14 March 2010

hitch goes there

new commandments

Pretty sure Carlin's rules were simpler: "Try really really hard not to kill anyone and be honest and faithful to the provider of thy nookie." Basically what it comes down to is murder is no good, theft is risky, as is lying for personal gain or for personal attack on others, and honesty and an attempt at fidelity in our relationships with all other people is generally a pretty good idea. These are not really offensive concepts as binding moral behaviors, even in an anarchical environment.

Naturally it confuses me greatly when people try to tell me that it is these old religious canons that form the basis of American or even European jurisprudence. I'm sorry. I must have missed the part where we aren't supposed to make idols to the gods, or pray to the other gods period as a portion of our shared moral values, much less that we should visit the sins of our parents upon the succeeding generations. I guess we liked those rules about not murdering people (though the watered down "thou shalt not kill" is not what the original commandment said, nor is it what the origin of many of those commandments said). But it's not necessarily true that we needed to use Moses to tell people not to kill each other. If we do actually need such ancient stories to compel even modestly appropriate behavior out of the average person by moving toward "preventing" egregious acts of violence and hatred, I fear for the prospects of the human species.

It's also not even true that we use it for legal premises. Adultery for example is not punished by any formal legal penalties. It has not been since the foundation of the country. We have some common law elements that play into the possibility of divorce or marriage laws, but that's as close as it gets to actually using the force of law to penalize adulterers. Additionally since the American public has taken to interpretive portions of these commandments rather than the original formal ones, we are left with censorship declaring certain words to be out of bounds, when these words are witnessed nowhere within these commandments as sinful or immoral. It is, in this one case, an example of how fundamentalism would constitute an improvement over our moral governance or behavior by absolving us of the responsibility to police our public language, and presumably our private language as well.

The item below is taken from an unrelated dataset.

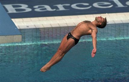 O atleta norte-americano Mark Lenzi, medalha de ouro nos saltos para a água nos Jogos Olímpicos de Barcelona.

By contrast, that whole "covet" commandment would be a major blow. Virtually all of society is built on coveting things, people, occupations, that we do not yet have and figuring out ways to acquire that status of ownership, marriage/friendship, or other social status through mutually accepted actions and transactions. It is odd to go through life not wanting anything at all. Much less it is odd to conceive of a society which would police this, since it is largely a thought crime rather than the actions themselves which are considered inappropriate. I suspect no one would object to the purchase of your neighbour's new car, but somehow we're supposed to object to it if you actually wanted it really badly? I guess we cannot escape the illogic of attempts to patrol our thoughts and intentions and to imbue this state with religious significance. But it's damned weird to assume we could create a state whose laws could apply such things and to tell each other that we have based that state on the formal laws of an ancient religious code when it's functionally impossible to police thought.